CERITANEGERI, MAKASSAR — Kepala DP2 Makassar, Aulia Arsyad, menyampaikan bahwa dalam rangka HUT ke-418 Kota Makassar, pemerintah menggelar Urban Farming Fest 2025 pada 3–4 November 2025.
Festival ini menjadi wadah edukasi dan kolaborasi bagi masyarakat, UMKM, komunitas tani, serta instansi pemerintah dalam memperkuat gerakan Makassar Zero Waste dan Makassar Green City.
Program ini kini menjadi salah satu prioritas yang dijalankan Dinas Pertanian dan Perikanan (DP2) Kota Makassar dengan mengusung konsep pemanfaatan lahan sempit secara produktif melalui integrasi pertanian, perikanan, dan pengelolaan sampah organik.
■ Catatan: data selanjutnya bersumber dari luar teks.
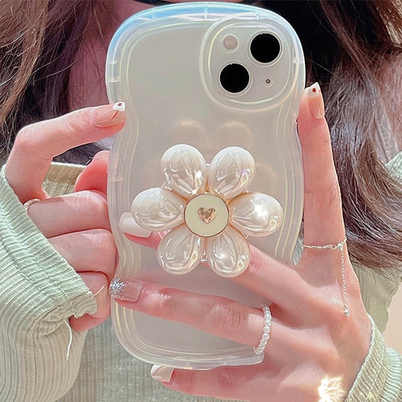 パールフラワーグリップ付 iPhoneケース(IC266)
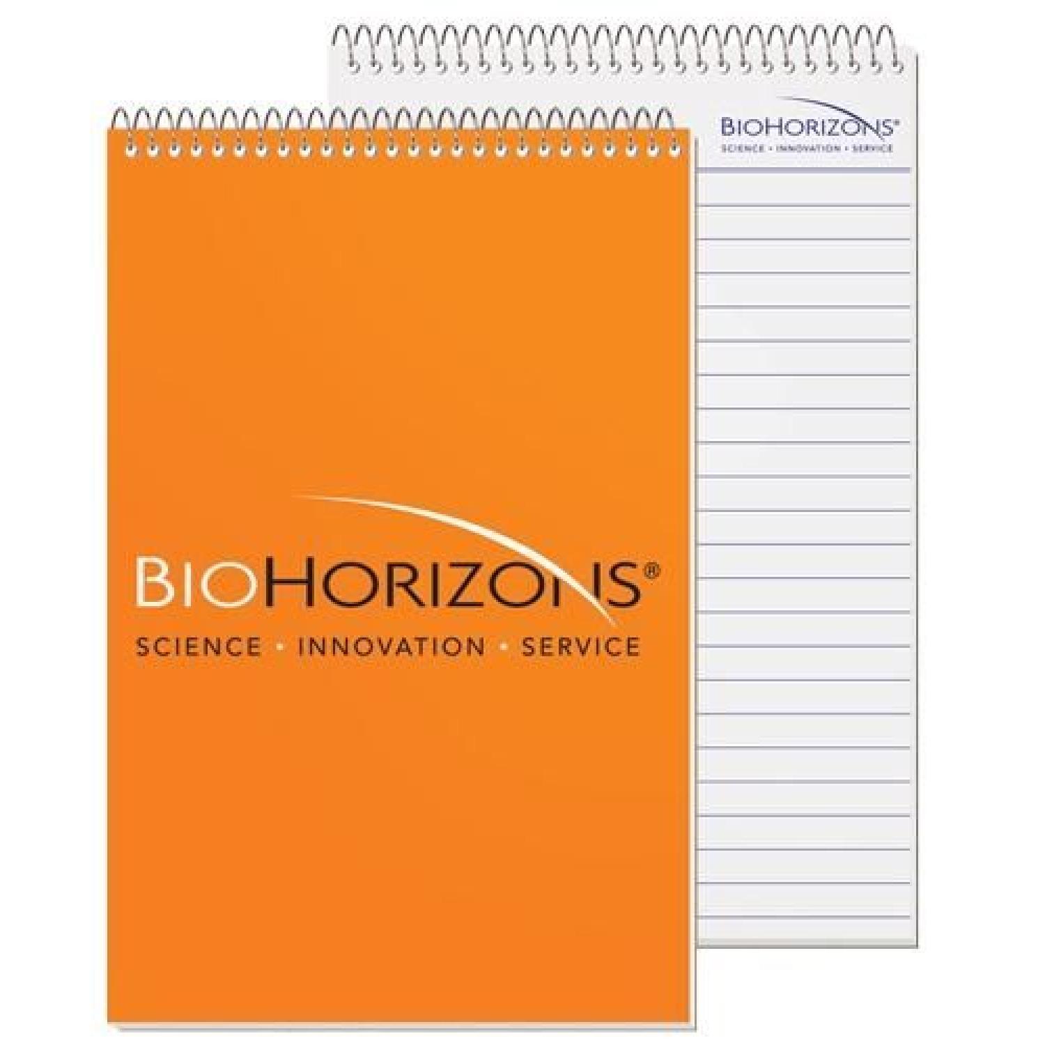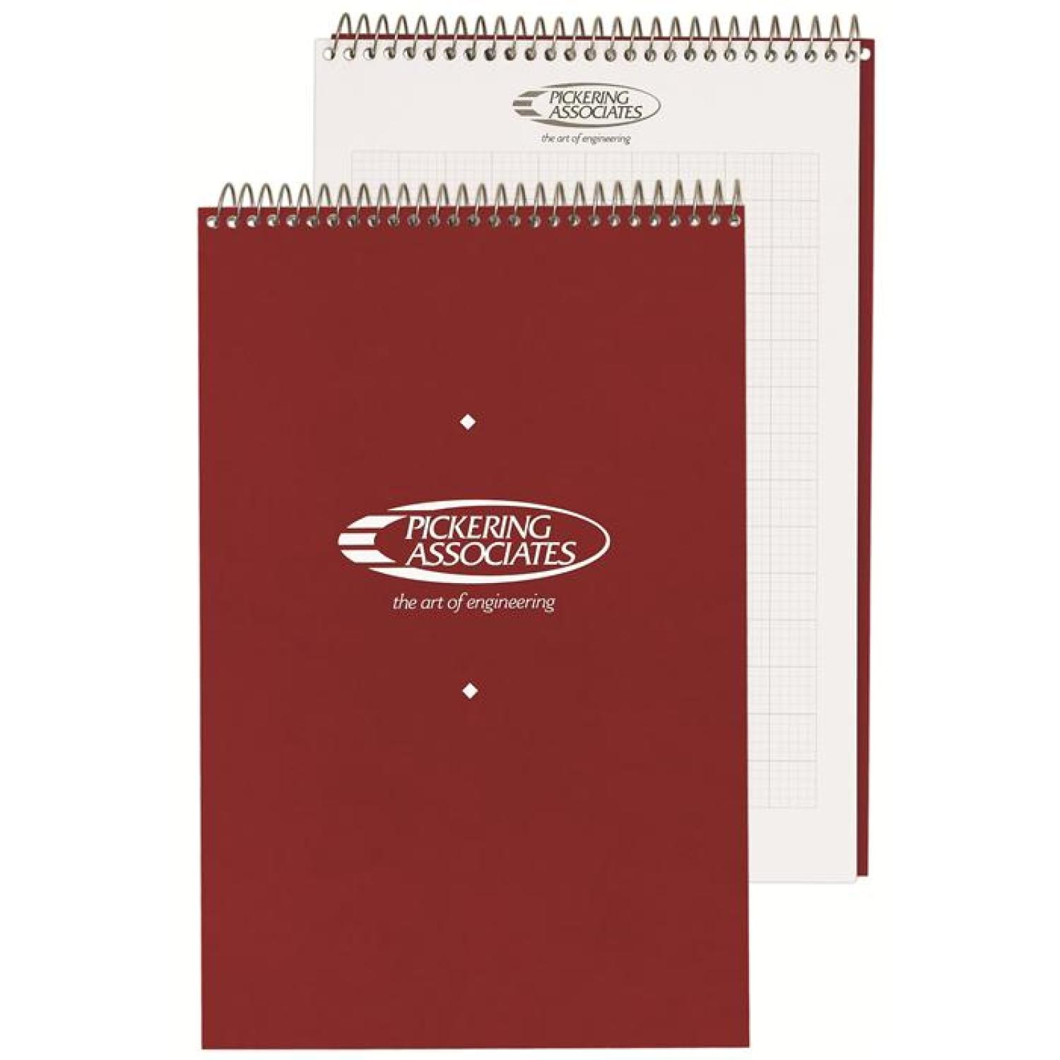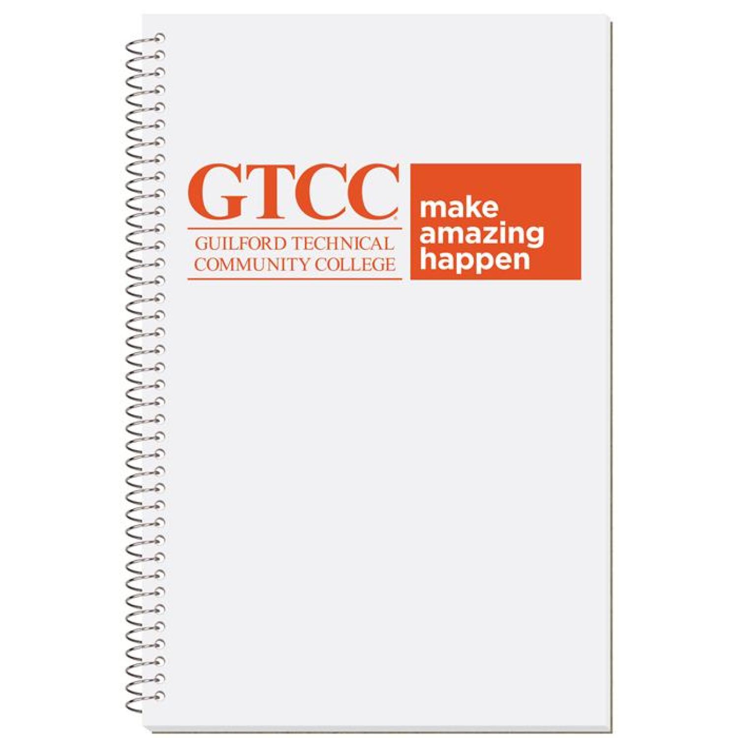 This notebook features a white 15 pt. front cover that is spot printed with a clear coat on 1 side and a white heavyweight 24 pt. back cover that is coated on 1 side. Back imprint is available on white 15 pt. only. Includes 50 Lb. white offset sheets with rules and a custom logo printed on 1 side of each sheet in 1 color. Comes coil bound on top or side, please specify. 5 3/8″ W x 8 1/4″ H
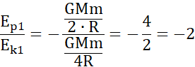 P – 4. Stosunek energii kinetycznej do potencjalnej jest taki sam dla satelitów 1 oraz 2 i wynosi
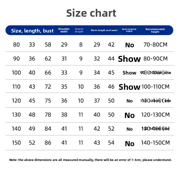 Sizes: 80cm, 90cm, 100cm, 110cm, 120cm, 130cm, 140cm, 150cm, 160cm.
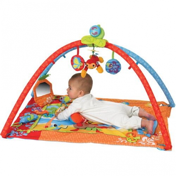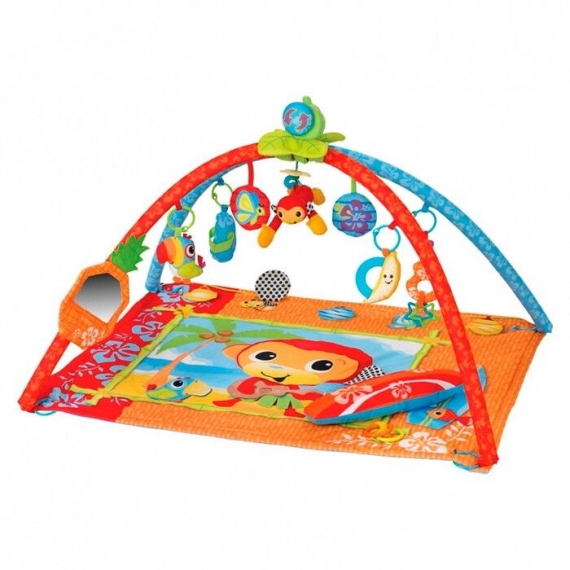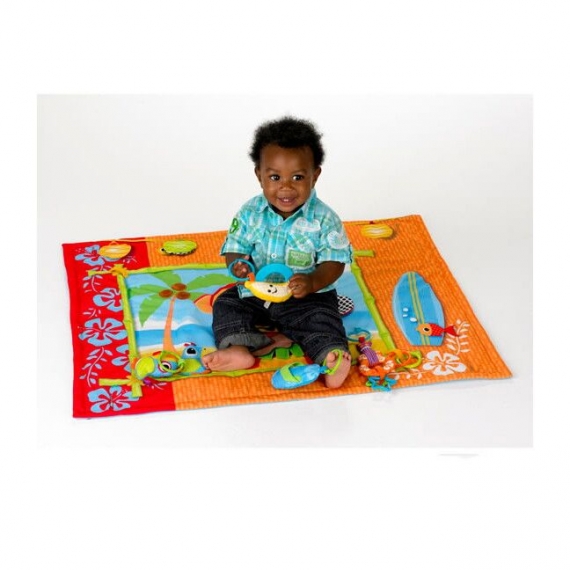 Для выкладывания ребенка на животик к коврику прилагается мягкая подушка в форме доски для серфинга. Опустите зеркальце, прикрепите игрушки на кольца-крепления и устройте игровой центр для малыша в любом месте вашего дома!
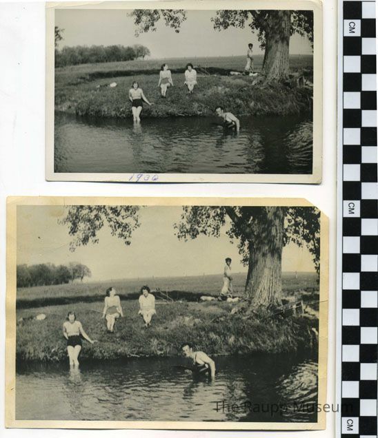 Accompanying archivist note indicated: "Swimming at waterhole. Buffalo Creek corner of Lake-Cook Rd and Raupp Blvd. (Emmerich Park). L to R Ruth Borre (Mrs. Joe) Emmerich, Louise Emmerich, Gladys Welter [Gerschefske Marino], Eugene Welter (younger brother), Urban Welter in water (older brother). C. 1936"Relationships
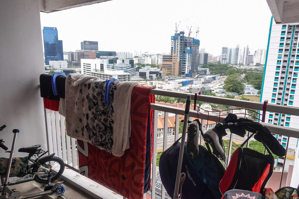 Тем, кому не повезло купить квартиру рядом с таким пролетарским балконом, приходится использовать более традиционную сингапурскую сушилку. (Если приглядеться, на фото номер 2 видны некоторые такие!)
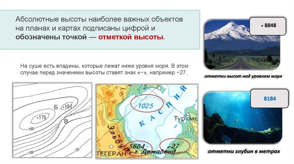 Абсолютные высоты наиболее важных объектовна планах и картах подписаны цифрой и
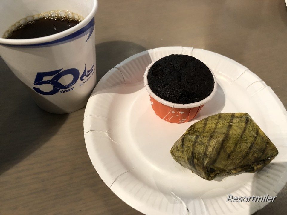 コーヒーとカップケーキ、そして黒豆とバナナを餅米で包んだカオ・トム・マッド Khao Tom Madを頂きました。
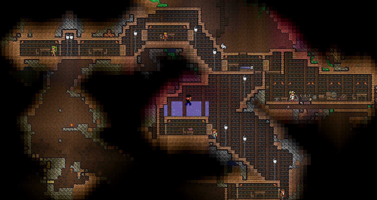 泰拉瑞亚也可以在多人模式中玩,在其中可以有不止一个玩家在同一个世界中玩。多人模式游戏可以是合作游戏,玩家可以共同建造东西或克服挑战,就像单人游戏中一样,或者可以是竞争性的 PvP 游戏,玩家或队伍可以相互对抗。
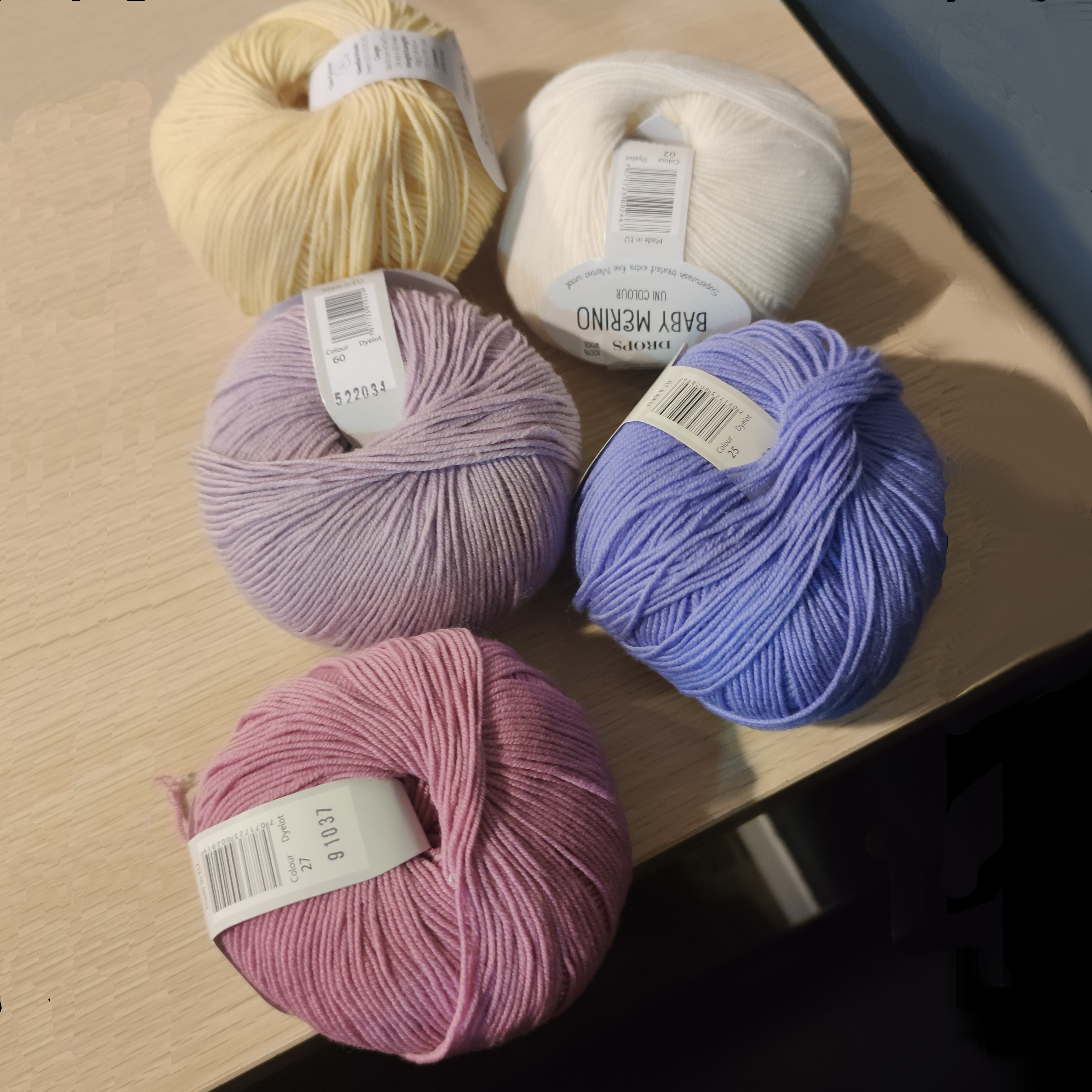 Yarn used : Baby Merino, color Natural 02, Old pink 27, Light purple/frozen lavender 60, Dark purple/Lavander 25 et Yellow 04, Drops

Pemerintah Kota Makassar terus memperkuat program Urban Farming sebagai langkah strategis dalam menjaga ketahanan pangan perkotaan sekaligus meningkatkan pemberdayaan masyarakat.
Wali Kota Makassar, Munafri Arifuddin, menegaskan bahwa Urban Farming merupakan solusi adaptif bagi kota besar yang tidak memiliki lahan pertanian luas. Hal itu disampaikan saat membuka kegiatan Urban Farming yang diselenggarakan DP2 Makassar di Anjungan Pantai Losari, Senin (3/11/2025).
“Saya mengapresiasi DP2 atas langkah inovatif ini. Dengan keterbatasan lahan, kita harus mampu memaksimalkan potensi yang ada untuk memperkuat ketahanan pangan,” ujarnya
Sebagai simbol semangat menanam, DP2 menyerahkan bibit produktif kepada para camat se-Kota Makassar.
“Semoga kegiatan ini menjadi inspirasi bagi masyarakat untuk membangun pertanian perkotaan yang mandiri dan berkelanjutan,” tutup Aulia.